MKC is a staple of the Canadian paddling community. There couldn’t be a friendlier, more welcoming place to learn about whitewater paddling. Perhaps it’s because of the history here. MKC was created by Christa and Hermann Kerckhoff back in August of 1972. They’d immigrated to Canada from Germany in the late Fifties and fallen in love with whitewater paddling, both winning Canadian championship titles. They wanted to introduce more people to the sport. The section of the Madawaska River downstream of Bark Lake Dam was the perfect spot for the centre and a partnership with Ontario Power Generation (that continues to this day) meant scheduled water releases throughout the summer.
That first summer saw 25 students come from across North America. Instructors were all world champions. These early classes, modelled on the ski school concept from the Kerckhoff’s native Germany, divided students into skill level classes. The wilderness resort combined good food with great instruction and a welcoming atmosphere. And those core concepts remain to this day.
Now the centre is managed by Claudia Kerckhoff-Van Wijk and Dirk Van Wijk. Claudia, the daughter of Christa and Hermann Kerckhoff, grew up at MKC. And like her parents, she became a Canadian paddling champion, ten times over. Dirk, formerly a northern river guide for Blackfeather Wilderness Adventures, met Claudia in an eddy on the Gull River in 1979. They married in 1985 and took over MKC in 1988. They’re still very much involved in day-to-day operations, and their daughters, Katrina and Stefani Van Wijk are now part of the summer instructor roster. Katrina holds three Canadian championship titles and Stefani is a guide with Blackfeather. So when you’re learning to paddle at MKC you are, without a doubt, learning from the best.

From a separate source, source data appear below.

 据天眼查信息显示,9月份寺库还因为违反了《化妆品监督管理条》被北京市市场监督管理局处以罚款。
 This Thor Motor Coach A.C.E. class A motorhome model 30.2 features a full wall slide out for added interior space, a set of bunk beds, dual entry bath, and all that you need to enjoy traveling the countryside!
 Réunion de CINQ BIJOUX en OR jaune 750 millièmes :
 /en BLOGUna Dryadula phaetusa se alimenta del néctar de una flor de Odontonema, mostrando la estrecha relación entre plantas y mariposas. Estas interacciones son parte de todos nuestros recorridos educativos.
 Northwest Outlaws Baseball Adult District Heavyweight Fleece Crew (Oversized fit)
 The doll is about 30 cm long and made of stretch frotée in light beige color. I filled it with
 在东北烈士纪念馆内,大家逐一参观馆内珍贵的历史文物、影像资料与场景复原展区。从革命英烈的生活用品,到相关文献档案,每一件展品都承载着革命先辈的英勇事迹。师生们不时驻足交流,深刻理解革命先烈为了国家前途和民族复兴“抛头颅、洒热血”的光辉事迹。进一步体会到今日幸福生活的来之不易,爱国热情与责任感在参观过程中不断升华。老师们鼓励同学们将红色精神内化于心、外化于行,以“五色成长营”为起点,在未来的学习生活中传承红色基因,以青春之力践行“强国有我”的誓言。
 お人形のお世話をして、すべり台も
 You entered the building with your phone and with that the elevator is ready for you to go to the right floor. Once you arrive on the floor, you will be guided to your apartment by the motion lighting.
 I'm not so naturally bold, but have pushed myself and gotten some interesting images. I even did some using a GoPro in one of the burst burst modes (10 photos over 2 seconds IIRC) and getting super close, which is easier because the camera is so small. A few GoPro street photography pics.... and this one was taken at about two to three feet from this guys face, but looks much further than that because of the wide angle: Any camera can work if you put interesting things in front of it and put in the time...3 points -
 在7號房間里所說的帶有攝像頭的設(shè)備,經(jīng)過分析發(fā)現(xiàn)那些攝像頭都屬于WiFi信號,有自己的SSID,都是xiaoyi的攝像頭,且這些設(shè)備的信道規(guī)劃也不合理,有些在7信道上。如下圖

“All you need to do is show up, be ready to get in the boat and be ready to get wet. There’s nothing to think about except whitewater.”
With courses for everyone from the absolute beginner to seasoned river rat, they offer courses for tandem canoeing, solo canoeing, kayaking and SUP. There are weekend courses, women’s retreats, and instructor certificate courses, which can all be catered to any budget; stay in one of their cabanas with a full meal plan, or stay in your own tent and cook your own meals.
If you’re in the cabana, just think of this as an all-inclusive resort: everything is taken care of. All you need to do is show up, be ready to get in the boat and be ready to get wet. There is nothing to think about except whitewater. Instructors will teach strokes like prys, draws and forward strokes. You’ll learn how to enter and exit flowing water. You’ll learn how to safely swim down a section of whitewater. They’ll use video to analyze your stroke, and help you perfect it (a lifelong pursuit). You’ll learn rescue techniques, river etiquette and acronyms for reading sections of river. They’ll teach you what you need to know to paddle whitewater.
‘It’s on my drive home that it finally hits me. “Holy shite,” I say to myself out loud. “That was awesome. Paddling whitewater is so freaking fun!”
Over the previous five days, I think I’ve been too busy learning, concentrating and thinking. Today, we let it all hang out. We paddled every challenging rapid in the Lower Madawaska Provincial Park, some of which were Class III. And it was super, super fun (even the rapids I ended up swimming through).
The Madawaska Kanu Centre was the first whitewater paddling school in the world and remains one of the best. My bowman came from California. There are people from all over North America in my five-day course. It’s easy to see why; if you’ve ever wanted to learn to paddle in whitewater, this is the place to do it. And it’s only 3.5 hours from Yonge and Bloor.